We find the expected value of that function the same way we found the average value of the above probabilities. This time, we want to find the average value of x (or p, as we were calling it before), so we weight each value of x by the above function, and then divide by the sum of the weights. For the numerator, this means integrating the above function multiplied by x. To do that, just copy and paste this into the calculator:

x * ((6!/(0!*6!))*exp((-((x-.5)^2))/(2*.0225))*(x^0*(1-x)^6)/(sqrt(2*3.14159*.0225)))

The denominator is just the sum of the function not multiplied by x, which we already did above (i.e., 0.042).

Plugging this into the definite integral calculator, we get:

0.01279096/0.04203334 = 0.304

So a team that goes 0-6 games will be, on average, about a .304 team (again, assuming our prior distribution is accurate). That’s not far from the answer you would get if you added 5.5 wins and 5.5 losses to the Giants’ record, which is Neil’s preferred method of regressing teams to the mean. A team that was 5.5-11.5 would have a 0.324 winning percentage.

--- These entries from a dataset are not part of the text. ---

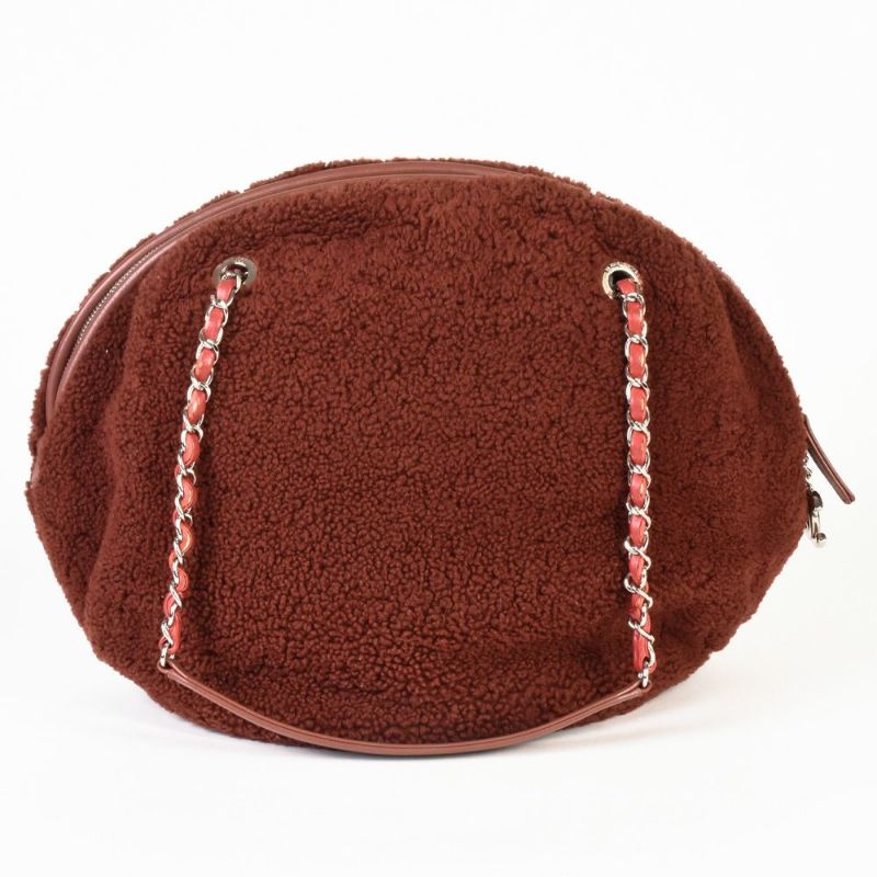 3. シャネル CHANEL ココマーク ドーヴィル ラウンド チェーン ショルダーバッグ ムートン ブラウン シルバー金具 シアリング【中古】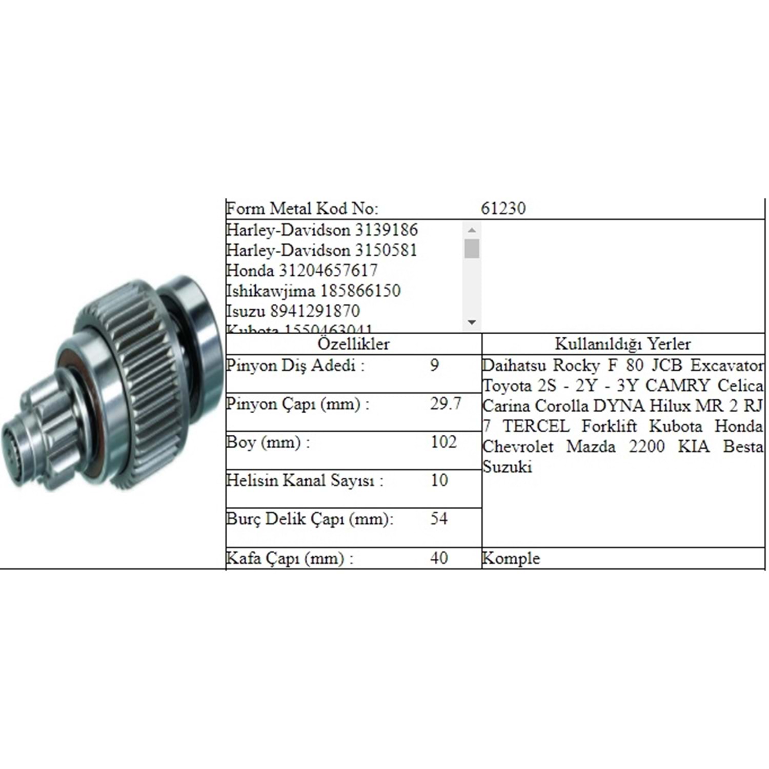 BOY 102,00 MM / KAFA ÇAPI 29,54 MM / GÖVDE ÇAPI 53,80 MM / 9 DİŞ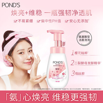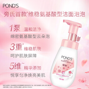 旁氏(POND'S)樱粹粉润焕亮洁面泡泡160ml 烟酰胺氨基酸洗面奶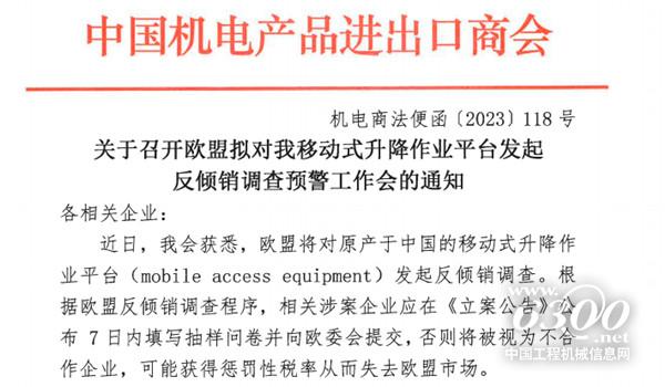 2023年11月8日,中國機(jī)電產(chǎn)品進(jìn)出口商會的一則聲明顯示,歐盟將對原產(chǎn)于中國的移動式升降作業(yè)平臺(mobile access equipment)發(fā)起反傾銷調(diào)查......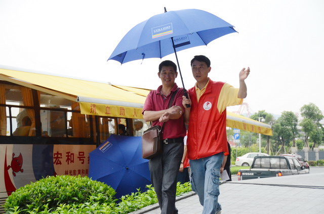 活動(dòng)當(dāng)時(shí)時(shí)有小雨,志愿者熱心打傘護(hù)送獻(xiàn)血的愛(ài)心人士回大樓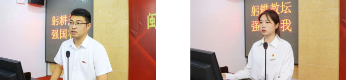 与会校领导为受表彰先进个人颁奖,光电信息学院张荣辉老师作为教师代表、艺术设计学院2021级产品设计专业陈瑾同学作为学生代表先后发言。

Some additional notes, which, like everything else in this post, comes courtesy of Kincaid. This analysis assumes a prior that presumes nothing about the team in question other than the fact that it comes from a distribution of teams roughly like that we observe in the NFL. What if, in addition to knowing the 0-6 team plays in the NFL, we also know that the team has Manning, Victor Cruz, Hakeem Nicks, Jason Pierre-Paul, and is expected to be one of the better teams in the league? We can adjust the prior for that information as well. Our prior distribution, after accounting for the amount of talent we believe to be on the team, might have a mean record of 9-7.

This would give us:

p(A) = 0.338 (in Excel, this is simply “=1-NORM.DIST(9/16,0.5,0.15,TRUE)” — this means only 33.8% of teams have true ability levels of 9-7 or better

p(B) = 0.023797

p(B|A) = 0.0024

Now we get an expected winning percentage for the rest of the season of .349; in other words, we would put a new over/under on number of wins for the Giants this year at 3.5 wins. Of course, this all depends on what prior you assume (and we’ve ignored injuries and strength of schedule), but as long as you make reasonable assumptions, this process should provide a reasonable estimate.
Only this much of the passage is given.